Open zhaoxy92 opened this issue 6 years ago • 4 comments

Hi, I'm trying to run ZOE on a new dataset and the following questions were raised:

  1. In the main.py, should I comment out runner.elmo_processor.load_cached_embeddings("target.min.embedding.pickle", "wikilinks.min.embedding.pickle")? If yes, could you show me how these two files are generated and what are the format for the raw version of these two files? Currently I found running new data is extremely slow (processed 30 sentences after one night). Anything idea how I can speed up things?

  2. Are there any other files/data I need to generate for testing on new dataset? (maybe vocab_test.txt?)

Thank you!

zhaoxy92 avatar Jul 31 '19 15:07 zhaoxy92

  1. The speed is slow on non-cached Wikipedia titles, especially on CPUs, because it runs multiple ELMo inferences to generate a title's representation. I could provide a huge SQLite file (~72GB) that contains all the Wikipedia titles, do you want me to share it? By having that file, you could use this function instead of load_cached_embeddings. Furthermore, it is recommended to cache your test set as well, i.e. store what candidates are found at each instance so that you can tune your type inference at a low cost. To do this, I would suggest storing results into a map and pickle that map.

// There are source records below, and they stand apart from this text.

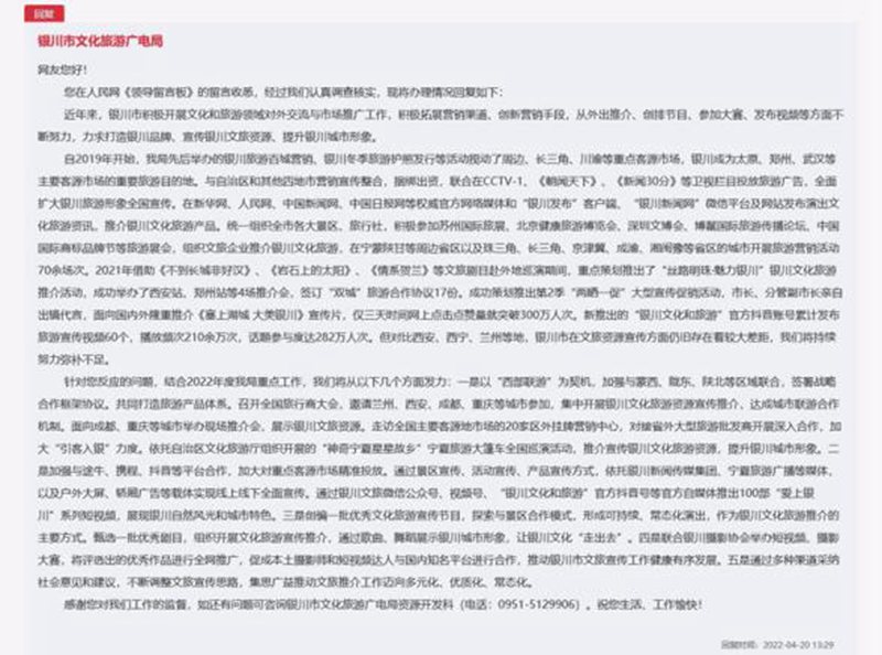 收到留言后,銀川市文化旅游廣電局公開作出回復;貜头Q,近年來,銀川市積極開展文化和旅游領域對外交流與市場推廣工作,積極拓展營銷渠道、創新營銷手段,從外出推介、創排節目、參加大賽、發布視頻等方面不斷努力,力求打造銀川品牌、宣傳銀川文旅資源、提升銀川城市形象。
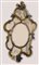 in vetro policromo, una nei toni del verde, l'altra dell'azzurro e del rosa; cornice sagomata sormontata da palmetta stilizzata e decorata da rose applicate, con specchi incisi all'acido a motivi fitomorfi, specchio centrale ovale
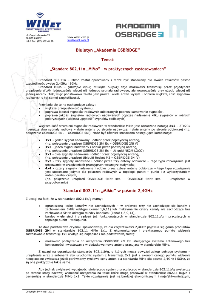 Biuletyn „Akademia OSBRIDGE” Standard 802.11n „MiMo” w
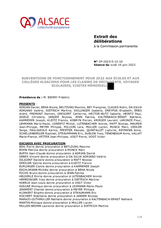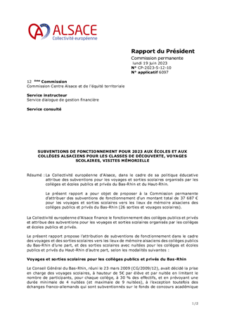 SUBVENTIONS DE FONCTIONNEMENT POUR 2023 AUX ÉCOLES ET AUX COLLÈGES ALSACIENS POUR LES CLASSES DE DÉCOUVERTE, VOYAGES SCOLAIRES, VISITES MÉMORIELLE
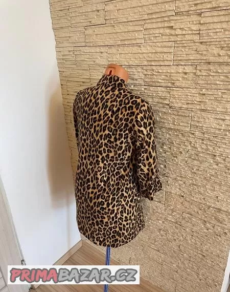 Otevřené sako ZARA s klopami do špičky a ohrnutým rukávem v délce pod loket s připínacím páskem a zlatým knoflíkem.
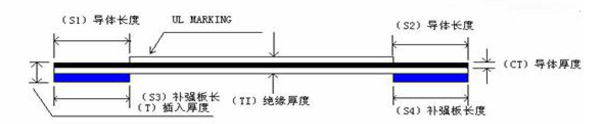 那么插接端CT的厚度呢,插接端厚度也是由三部分組成,銅線厚度,下層膠膜厚度,補強(qiáng)板厚度(如上面第一圖藍(lán)色部分)這個插接端常規(guī)厚度是0.3mm,如常規(guī)銅線厚度0.035mm,常規(guī)膠膜厚度0.043mm,常規(guī)補強(qiáng)板厚度0.225mm,加起來就是0.3mm厚度。這個也是FFC軟排線的標(biāo)準(zhǔn)插接端厚度,因為FPC連接器的插槽的縫隙也是0.3mm,所以這樣,排線端部插入連接器就是一個標(biāo)準(zhǔn)的配合,不松不緊。
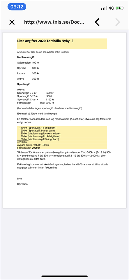 Följer ni nedanstående steginstruktion finner ni avgifterna för säsongen 2020. 1. Gå in på tnis.se 2. Välj fliken "MER" längst till höger i den liggande menyraden. 3. Välj "Dokument". 4. Välj "Klubbens medlemsdokument" 5. Välj "Avgifter för TNIS år 2020" Observera möjligheten till maximerad familjeavgift på 2000kr. Vid eventuella frågor eller intresse gällande familjeavgift ställs dessa till mejladressen: kansli@tnis.se /Styrelsen
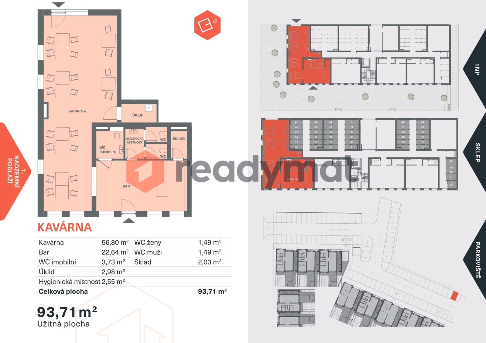 • velkorysý prostor 93,71 m² s možností uspořádání kavárny s posezením i zázemím
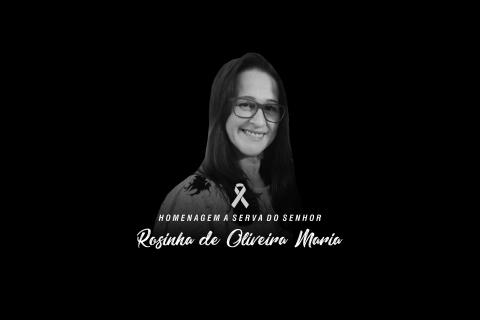 Noticiamos com pesar o falecimento da irmã Rosinha de Oliveira Maria (esposa do pastor Mário Sergio), ocorrido nesta sexta-feira (28), aos 48 anos. Irmã Rosinha fazia parte da diretoria da União Feminina AD Içara (UFADI), junto com pastor Mário Sergio pastoreava a congregação de Mineração. Há quase dois anos irmã Rosinha lutava contra um câncer. â €

  2. Everything should work fine if you have your type mapping (inference) part working. The previous point only speeds things up, without any impact on the results.

Slash0BZ avatar Jul 31 '19 17:07 Slash0BZ

Thank you. Please share it with me! Really appreciate it!

On Wed, Jul 31, 2019 at 10:18 AM Xuanyu Zhou [email protected] wrote:

The speed is slow on non-cached Wikipedia titles, especially on CPUs, because it runs multiple ELMo inferences to generate a title's representation. I could provide a huge SQLite file (~72GB) that contains all the Wikipedia titles, do you want me to share it? By having that file, you could use this function https://github.com/CogComp/zoe/blob/master/zoe_utils.py#L39 instead of load_cached_embeddings. Furthermore, it is recommended to cache your test set as well, i.e. store what candidates are found at each instance so that you can tune your type inference at a low cost. To do this, I would suggest storing results into a map and pickle that map. 2.

Everything should work fine if you have your type mapping (inference) part working. The previous point only speeds things up, without any impact on the results.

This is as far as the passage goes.